Quantcast

Candle causes fire in Rego Pk. during blackout

By Tien-Shun Lee

A Rego Park woman who was exhausted after being stuck underground in a subway train and then walking home during last Thursday's blackout fell asleep with several candles lit in her kitchen and awoke to a screaming fire alarm and a house filled with smoke.

Sheryl Fetik, 48, said she ran downstairs when she smelled the smoke and saw flames leaping from her kitchen table, where a candle had fallen off into a box of vegetable oil that she keeps underneath the table to use when cleaning silverware.

Fetik's house fire was one of 71 blazes that occurred in the city during the period from the beginning of the blackout at around 4:30 p.m. last Thursday to 6 p.m. Friday, said Mike Loughran, a Fire Department spokesman. Normally there are about five to 10 fires in the city during a 24-hour period, he said.

Of the 71 fires, 23 were caused by candles, said Loughran.

Since Fetik's electricity-dependent phone was not working, she ran outside to a neighbor's house and asked to use her phone to call 911. The neighbor then called Fetik's sister, Emilie Fetik, 40, who lives in Fresh Meadows, and left a message on her answering machine telling her that Fetik was OK but that her house was on fire.

“I don't panic too much with emergencies,” said Fetik, who has lived in the black, two-story, one-family house on Eliot Avenue near Austin Street all her life. “The worst part was feeling that I had gotten too tired and that the candle had fallen.”

Shortly after Fetik called 911 at around 9:15 p.m., a fire technician arrived at her house, surveyed the situation and called for help, said Fetik.

“He was hysterical. He thought he saw something that was going to create a huge fire,” said Fetik.

About 25 minutes later, three fire trucks arrived, put ladders up around the house, and broke two doors and every window on the second floor except one in order to let in air, said Fetik. In addition, they broke part of the wall in the kitchen to make sure that the fire had not gotten inside the wall.

The fire was extinguished in less than 20 minutes, said Fetik. It left some damage to her kitchen furniture, but the greatest damage was from the firefighters' breaking the windows and doors, she said.

Meanwhile, Fetik's sister, who received Fetik's neighbor's message when she got home to her house on 165th Street shortly after 10 p.m., was frantically trying to find somebody to drive her to Fetik's house because her own car did not have enough gasoline to make the trip.

“I was screaming. I woke up everyone in my neighborhood screaming,” said Emilie Fetik. “The neighbor left a very scary message.”

Since she could not find anybody to drive her to Rego Park, Emilie Fetik, who was with her brother, walked 1 1/2 hours from Fresh Meadows to Fetik's house.

“Queens looked like a war zone,” said Emilie Fetik. “It was dark out, everyone was frightened. We saw the police at intersections with all the flares.”

Once she reached Fetik's house, Emilie Fetik was relieved to find her sister unharmed, and spent a while talking to her about what had happened.

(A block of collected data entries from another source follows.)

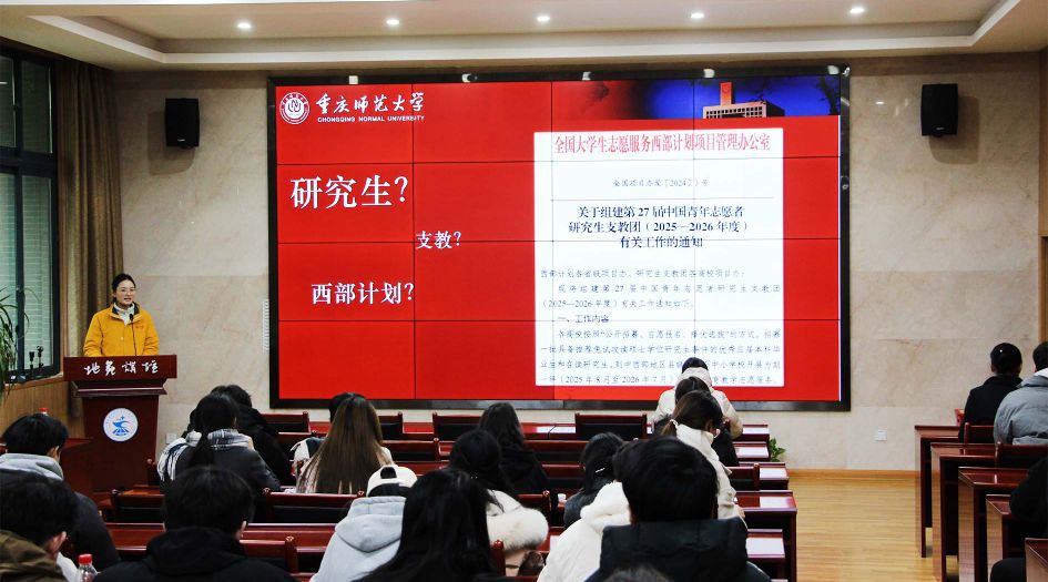刘江杭同学首先向大家阐释了研究生支教团的概念。研究生支教团是由各高校组织的一支服务团队,旨在招募一批符合推荐免试攻读硕士学位研究生资格的优秀应届本科毕业生及在读研究生,前往中西部地区的县级及以下中小学校,开展为期一年的基础教育教学志愿服务。随后,她分享了重师研究生支教团的故事,以第24届研支团成员、航空服务艺术与管理专业2018级的徐静同学为例,讲述了她在西藏昌都支教的动人经历。她引用了“用一年不长的时间,做一件终生难忘的事”这句格言,深深触动了在场同学的心灵,同时也在他们心中种下了扎根基层、服务西部的种子。
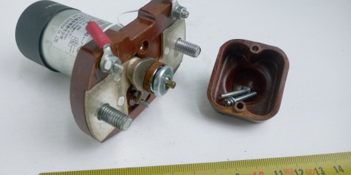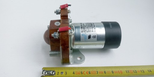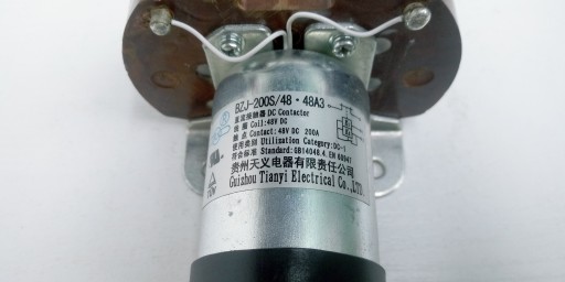 Przekaźniki marki Guizhou Tianyi, model BZj-200S/48, cewka zasilana napięciem stałym 48V DC (przekaźnik bez problemu włącza się przy 24V DC), prąd 200A, styki 1xNC. Przekaźnik po przeglądzie technicznym, styki w bardzo dobrym stanie, nie wypalone, nie buczy.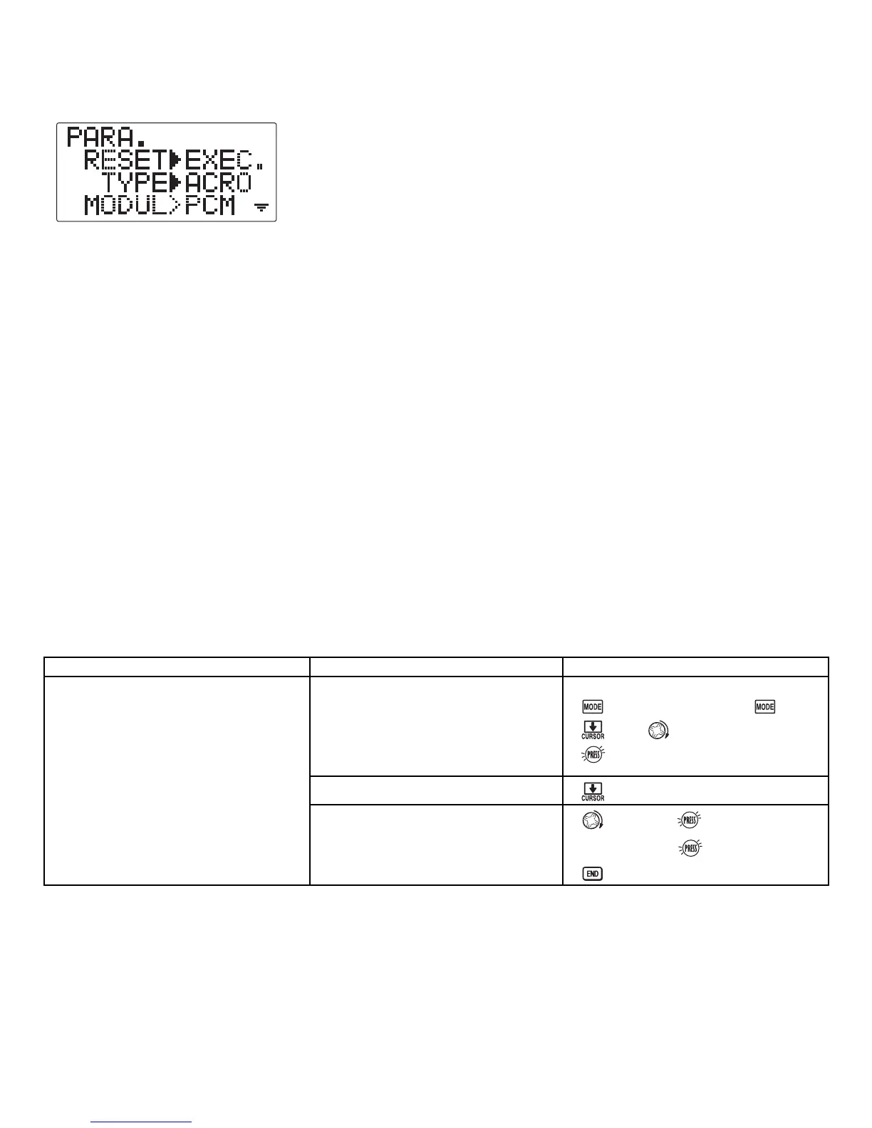 (Each model memory may be set to a different model type.) If your transmitter is a 7CA, the default is ACRO.Ifitisa7CH,

Fetik said she left her house around 4 p.m. to go to work in Flushing, where she teaches accounting at a two-year college. She caught the local subway train from the Woodhaven Boulevard station, and was heading towards the No. 7 train station on Roosevelt Avenue in Jackson Heights when the power went out and the train stopped in the middle of a tunnel.

“We didn't know what had happened. They told us there was a power outage in the subways, and to be patient, and then 10 minutes later they told us there was a citywide blackout,” said Fetik.

About an hour and a half later, Fetik and about 200 other people who were on the train left from the front of the train and began walking single file in the dark on an approximately 15-inch-wide ledge towards the Grand Avenue subway platform, said Fetik.

It took about 10 minutes of walking to reach the Grand Avenue station, and when she emerged onto the street, it was still light out, said Fetik.

Fetik then asked people what was going on, and stopped at a hardware store to buy a transistor radio and batteries before heading home along Queens Boulevard.

“I was exhausted. I had my flashlight, I set up some candles in the kitchen on plates and I went upstairs just to lay down and I fell asleep,” said Fetik.

Loughran said candles, including birthday candles and scented candles, are normally a large cause of fires. They are especially risky when people have pets, he said.

On the night of the blackout, about 1,000 extra firefighters were deployed from 6 p.m. to 9 a.m., said Loughran, many of whom responded to the 800 elevator rescues that occurred throughout the night, in addition to fires.

Both Fetik and her sister, who eventually paid a man in a car $20 to take her home to Fresh Meadows at around 3 a.m. Friday, blamed Con Edison for the fire.

“I would like to get some assistance,” said Fetik, who stayed in her house after the fire was extinguished because she was afraid that someone might climb in through the broken doors or windows to rob the house. “I'm going to try to hold Con Ed and the government responsible for the damage that we have.”